03. Juni 2010 (HL-Red-RB) Vorbemerkung Lübeck-TeaTime/Reinhard Bartsch: "Heute wird in einigen Bundesländern "Fronleichnam" begangen. In durchaus immer noch in trüber Erinnerung das 1995 Opfern des - vor allem in der evangelischen Kirche hoch geschätzten - Buß- und Bettages als gesetzlicher Feiertag zur Finanzierung der Pflegeversicherung. Das Land Sachsen hat ein Zeichen gesetzt und sich dem nicht untergeordnet.
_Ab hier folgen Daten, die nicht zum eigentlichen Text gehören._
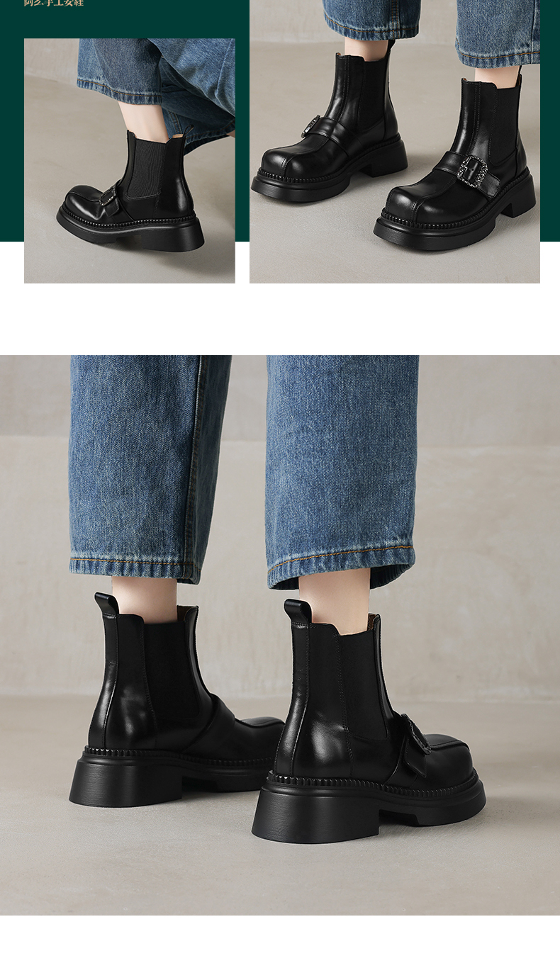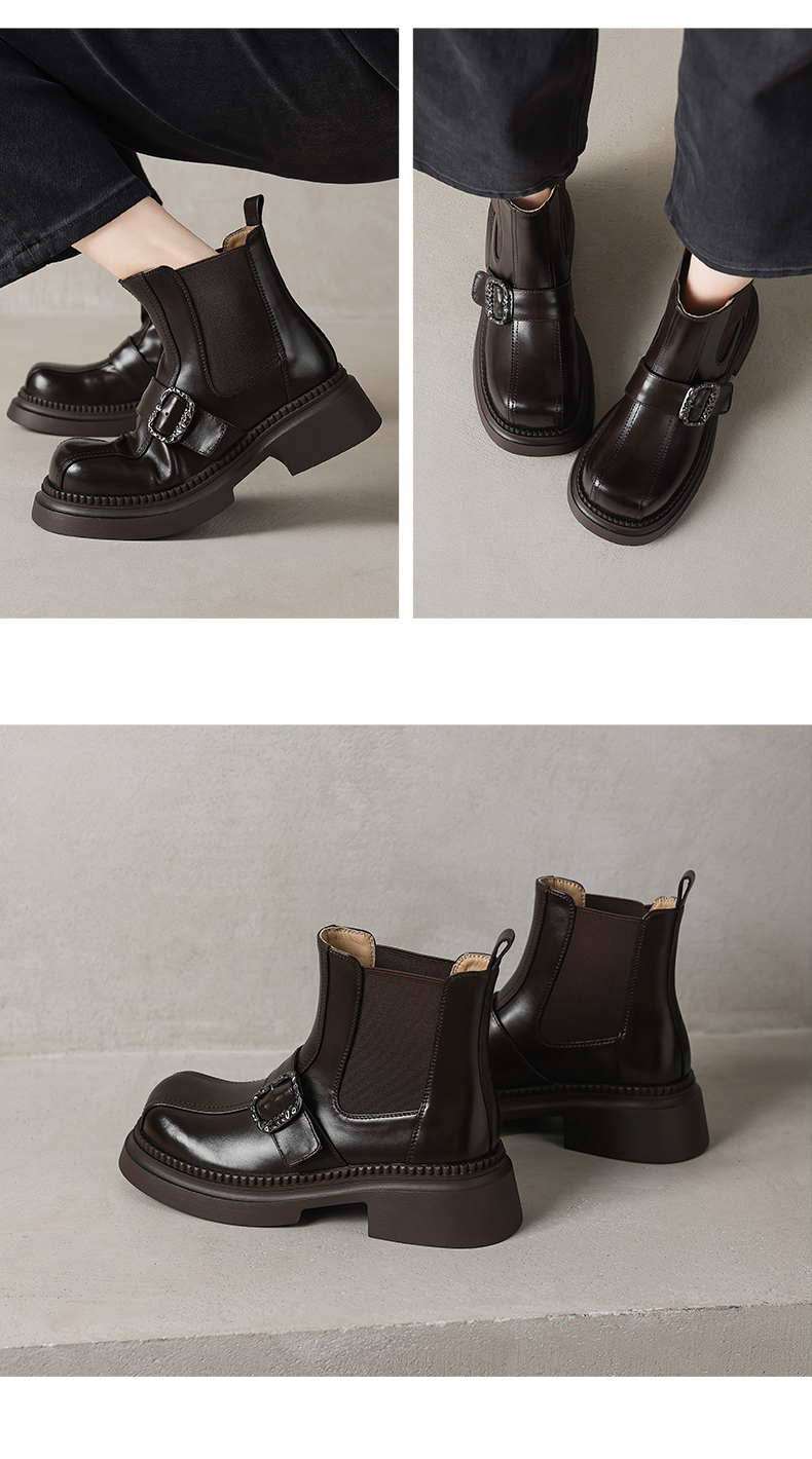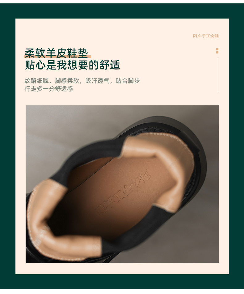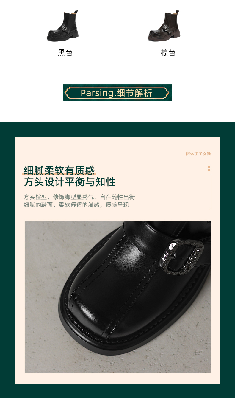 阿么手工女鞋复古烟筒靴女真皮秋冬新款厚底短筒皮带扣短靴5.5CM

Dort gilt der Buß- und Bettag nach wie vor als gesetzlicher Feiertag.
Ein völlig unverständliches Politikum, dass bei der bis heute unterschiedlichen Bandbreite der Zahl gesetzlicher Feiertage in den Bundesländern (SH = 10 - Bayern = 13!) ein Opfer "aller" verlangt hätte, also einen in allen Bundesländern geltenden, aber auf die Gesamtzahl "bereinigenden" gesetzlichen Feiertag. Im "persönlichen" Gespräch mit der damaligen Ministerpräsidentin Heide Simonis bestätigte diese dem Verfasser gegenüber einmal später in Lübeck bei einem Wahlkampf-Termin, sich gegen diese einseitige Abschaffung "nicht habe durchsetzen können". Nach wie vor mein Kommentar dazu: beschämend, und vor allem kein Zeichen von wirklichem Wunsch nach Ökumene."
Dessen ungeachtet gerne zu Bedeutung und Klarstellung, was "Fronleichnam" eigentlich bedeutet - vor allem, was Dr. Martin Luther schon als römisch-katholischer Mönch davon hielt.

Mit freundlicher Genehmigung der CFS GmbH - Otto W. Ziegelmeier und damit "theology.de" stellt Lübeck-TeaTime aus deren Juni-NEWSletter den dementsprechenden Beitrag vor:



Fronleichnam.
Das Fest geht zurück auf eine Vision der später heiliggesprochenen Augustinernonne Juliana von Lüttich im Jahre 1209. Sie habe, so wird berichtet, beim Beten den Mond gesehen, der an einer Stelle verdunkelt gewesen sei. Christus habe ihr erklärt, dass der Mond die Kirche bedeute, der dunkle Fleck das Fehlen eines Festes des Eucharistie-Sakraments.
Fronleichnam erhält durch die Prozession, bei der die Gläubigen hinter der Monstranz mit der Hostie herschreiten, ein besonderes Gepräge. In dieser Art wurde das Fest erstmals 1279 in Köln begangen.
Vor dem Hintergrund der mittelalterlichen Verzweckung des Festes (wie parallel des Reliquienkults) für die Gewinnung von Ablassgeldern ist es nicht verwunderlich, dass der vormalige Augustinermönch Martin Luther ein ausdrücklicher Gegner des Fronleichnamsfestes war; er bezeichnete es 1527 als das „schädlichste aller Feste“ und betrachtete die Prozessionen als unbiblisch und als Gotteslästerung. Heute dagegen wirken nicht selten evangelische Pastoren in Amtstracht bei der Fronleichnamsfeier mit.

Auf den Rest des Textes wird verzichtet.